The Employment Rights Act 1996 (ERA) defines an employee as an individual who has entered into or works under a contract of employment, also called a contract of service.
A complaint of discrimination can be brought before an Employment Tribunal which can make a declaration of the employee’s rights, award the employee compensation and order the employer to take steps to remedy the situation.
The wording of any contract between the parties, referring to someone as an ‘employee’ or ‘independent contractor’ or ‘rider’ or ‘driver partner’, is a factor in determining employment status.
An obligation on one person to provide work for another and an obligation on that person to perform that work is required for a contract of employment to arise.
Statutory employment protection is given to employees, such as sick pay, redundancy pay, pensions, holiday pay, maternity and paternity pay, and protection from unfair dismissal.
Employers are vicariously liable for the torts of employees committed during the course of their employment but are not liable for the torts of independent contractors.
Redundancy under the ERA is when an employee’s employer ceases to carry on business, ceases to carry on business in the place the employee is employed, or the requirements of the business means there is a reduction in the need for employees to carry out work of a particular kind, i.e the employer demonstrates the employee’s job no longer exists.
The non-renewal of the fixed-term contract of an employee recruited as maternity leave cover is potentially fair, and the employer is allowed to bring evidence proving that the dismissal was reasonable on all the facts.
Redundancy pay follows the same formula as unfair dismissal compensation, it is based on the number of years worked up to a maximum of 22 years, dependent on age: Under 22 years old: half a week’s pay for each full year worked. 22 –41 years old: one week’s pay for each full year worked. Over 41 years old: one and half week’s pay for each full year worked.
Redundancy is a potentially fair reason for dismissal, so the claim of unfairness relies on proving that the process of selection for redundancy was unfair, for example, the employer selected all the pregnant women for redundancy.
Where a redundant employee considers that they have been unfairly selected for redundancy, they can make a complaint to an Employment Tribunal for unfair dismissal.
Wrongful dismissal is a common law claim for breach of contract, arising where an employer breaches an express or implied term in an employee’s contract of employment which entitles the employee to notice of dismissal.
The usual rules of contract apply regarding breach of contract and mitigation of damages, meaning that the employee must try to minimise the loss from the breach, i.e must try to find alternative work as soon as possible after dismissal.
As with any breach of contract claim, the aim of an award of damages made by the court is to put the employee in the position he would have been in had the contract not been breached.
Automatically unfair reasons for dismissal (and unfair selection for redundancy) cannot be justified, including dismissal on grounds of gender, marital status, sexual orientation, race, disability, religion/belief, age, pregnancy and membership of a trade union.

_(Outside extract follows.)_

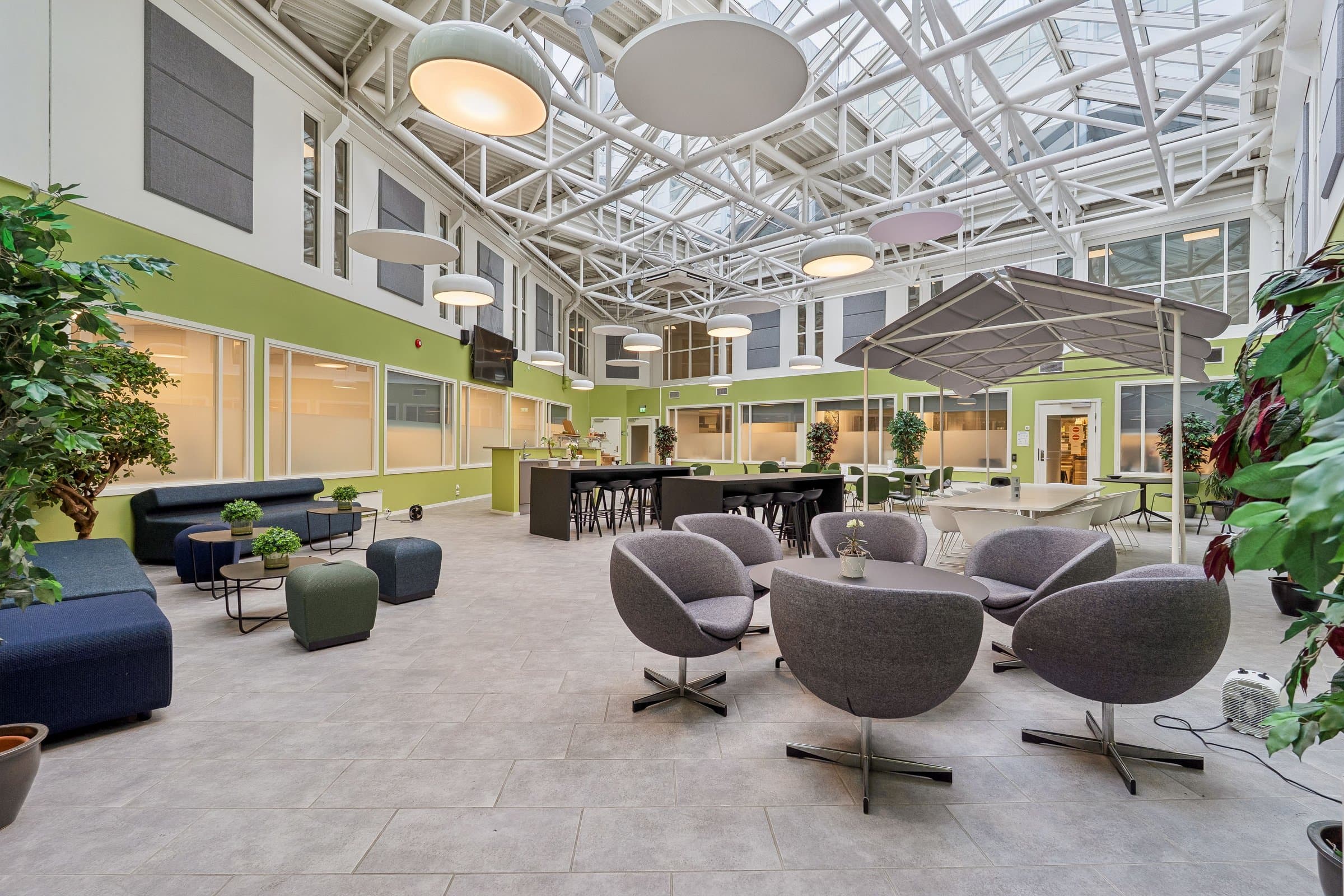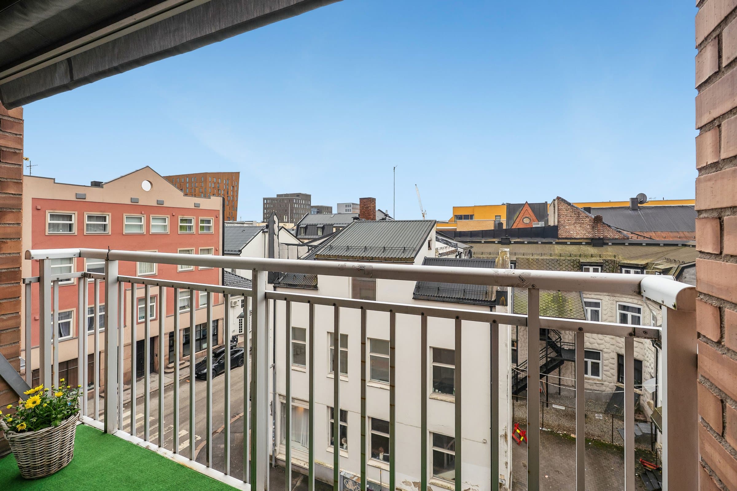 Ønsker du å bo midt i Drammen, med "ALLE" faseliteter i bygget eller innen gangavstand? Fra leiligheten kan du ta heisen ned i første etasje og du er inne i byggets store dagligvarebutikk Coop Extra. Du kan gå over torget til jernbanestasjonen eller stoppe og ta en kaffe på konditoriet, eller en matbit på en av de nærliggende restaurantene. Boligen har en fransk ballkong, men ønsker du å slikke enda mer sol eller grille- tar du heisen opp på takterrassen. Der finner du solsenger, spisegrupper og griller. Vil du derimot starte dagen med trening? Da er sameiets godt utstyrte trimrom et ypperlig sted. Kanskje har du et jubileum i nær framtid? Da kan du samle slekt og venner i byggets pene, sentrale fellesrom. Bilen kan du parkere på egen parkeringsplass i kjelleren.

Unfair dismissal is a statutory claim under the ERA, where an employer refuses to give reasons for dismissal or gives inadequate/untrue reasons for dismissal, an employee who has been employed continuously for 2 years can make a complaint to an Employment Tribunal for unfair dismissal.
Unfair dismissal is not a claim for wrongful dismissal, as the employer is allowed to provide reasons justifying a potentially fair reason for dismissal.